Читаем Петровы в гриппе и вокруг него полностью

Она одновременно шинковала лук и вспоминала, как познакомилась с Петровым, и одновременно с этим наблюдала руку Петрова-младшего, шныряющую за луковыми обрезками. Петрова вспомнила, что еще в прошлом году руки у Петрова-младшего были совсем другие, такие, как у дошкольника, толстенькие, с ямочками на месте суставов, когда он выпрямлял пальцы, ладони у него были квадратные. Теперь же руки у него стали похожи на руки Петрова, с такими же длинными пальцами, какие-то костлявые, даже слишком костлявые, кисть вытянулась, будто Петров-младший только и делал весь год, что занимался на пианино. И ступни у него стали здоровенные, размер его обуви всего на несколько пунктов отличался теперь от размера обуви самой Петровой. Когда Петрова видела, как сын ходит по дому, ей казалось, что он ходит в ластах. Даже запах у него изменился, раньше он пах или мылом, которым его вымыли, или той грязью, которая на него налипала за день на улице, в детском саду, а затем в школе, теперь у него появился какой-то свой особенный запах, которым пахло у него в комнате. Эти сыновьи метаморфозы если не пугали Петрову, но доставляли ей неудобство. Она начинала чувствовать себя нормальным человеком, одной из библиотечных женщин, которые, обсуждая детей, всегда скатывались в разговор о том, какие дети были хорошие, когда были маленькие. Умом она понимала, что ничего хорошего в этом не было, что нужно было постоянно следить, чтобы с ребенком что-нибудь не случилось, что сам ребенок не мог поесть, не мог прибрать за собой, не мог разогреть себе еду, нужно было все время кувыркаться вокруг ребенка в припадке материнского инстинкта, но сама сердцем чувствовала эту глупую тоску по тому времени, когда сын мог наесться всего одним маленьким стаканчиком йогурта и обрадоваться самой простой игрушке, стоящей копейки, когда он приходил к ним в спальню утром и лез целоваться, когда не мог уснуть без света – вот по этому всему, хотела Петрова или нет, а все равно тосковала.

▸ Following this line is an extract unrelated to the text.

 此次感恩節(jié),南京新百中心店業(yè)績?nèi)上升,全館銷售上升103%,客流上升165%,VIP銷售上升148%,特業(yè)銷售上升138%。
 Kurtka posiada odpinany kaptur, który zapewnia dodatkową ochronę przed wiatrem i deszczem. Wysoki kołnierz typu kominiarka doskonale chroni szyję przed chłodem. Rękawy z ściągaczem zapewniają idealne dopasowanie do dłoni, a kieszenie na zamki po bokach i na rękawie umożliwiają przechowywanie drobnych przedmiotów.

Сын совал руку под нож и доигрался. Сердце Петровой запоздало екнуло, когда она услышала хруст и увидела, как сын молча отдергивает руку от разделочной доски, потом Петрову слегка опустило, когда она поняла, что не отрезала сыну палец, что просто хрустнул кусок лука и увидела, что сын отвлекся, наконец, от телефона и смотрит на безымянный палец, на косой порез, из которого большой каплей выступила кровь и остановилась, поблескивая, как ягода.

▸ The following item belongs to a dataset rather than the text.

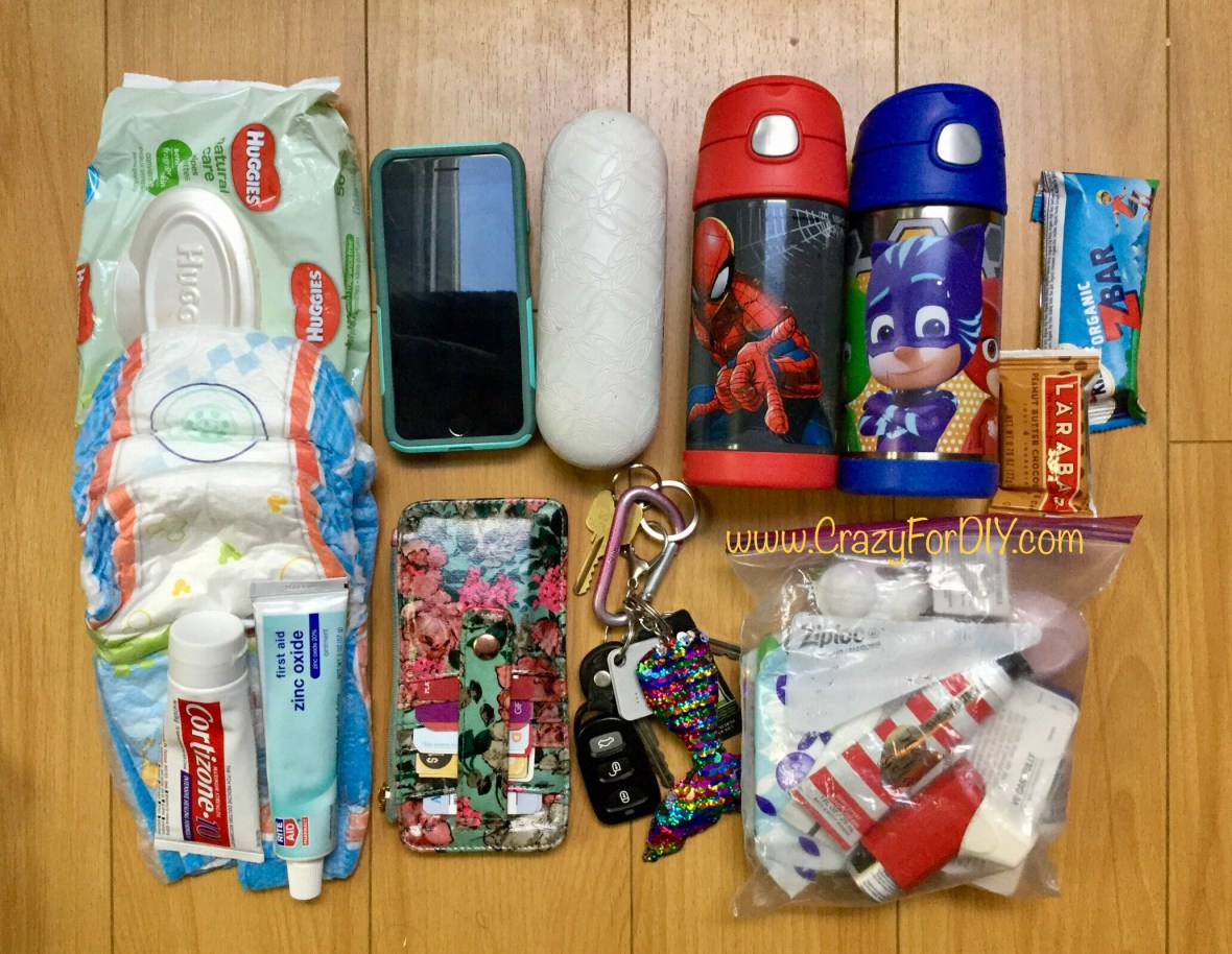 It’s actually pretty big inside with a zipper pocket and 2 small open pockets. I can fit all of this comfortably with room for extra. Diapers, wipes, cream, medicine bag, phone, wallet, glasses, water cups, snacks and keys. Not bad, right?
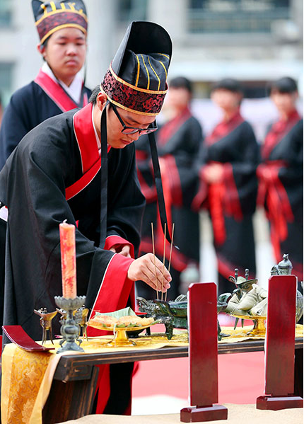 Une cérémonie traditionnelle en l'honneur de Qu Yuan, organisée à Nantong, dans la province du Jiangsu (Est de la Chine). [Xu Peiqin / Pour le China Daily]

Холод шевельнулся у Петровой в солнечном сплетении. Она вдруг как будто приобрела сразу и рентгеновское зрение, и возможность видеть микроскопические детали. Она физически почувствовала, как зрачки ее слегка расширились от вида крови. Она физически ощутила все пять слоев сыновьего эпидермиса – от рогового до базального, как и под каким углом их рассек нож, ощутила и увидела поврежденные мелкие кровеносные сосуды, увидела и почувствовала, как нервные клетки корчатся, посылая сигнал в мозг, в молниеносной чехарде чередуя химическую реакцию с электрическим импульсом. Она увидела, как адреналин, вкинутый в организм надпочечниками, сократил сосуды в его животе, в руках, ногах и на коже, при этом кровеносные сосуды, ведущие в мозг, наоборот, расширились. На миг Петрова увидела, что сын ее вовсе не один из людей, а просто химера, составленная из кишечника, донельзя усложненного эволюцией, который жил своей жизнью, и спинного мозга, который тоже существовал в каких-то других, не человеческих понятиях, а жил какой-то программой, составленной миллионы лет назад. Она увидела миллионы бактерий, шевелящихся на коже сына, в чешуйках ороговевшей кожи, непрерывно сыпавшейся с него, как иглы с засыхающей елки.

Сын не замечал, что Петрова замерла над ним, он просто молча смотрел на порез так и эдак, пытаясь не капнуть на пол кровью, копившейся на пальце. Петрова обнаружила, что по-прежнему держит в руке нож, и осторожно положила его на раковину.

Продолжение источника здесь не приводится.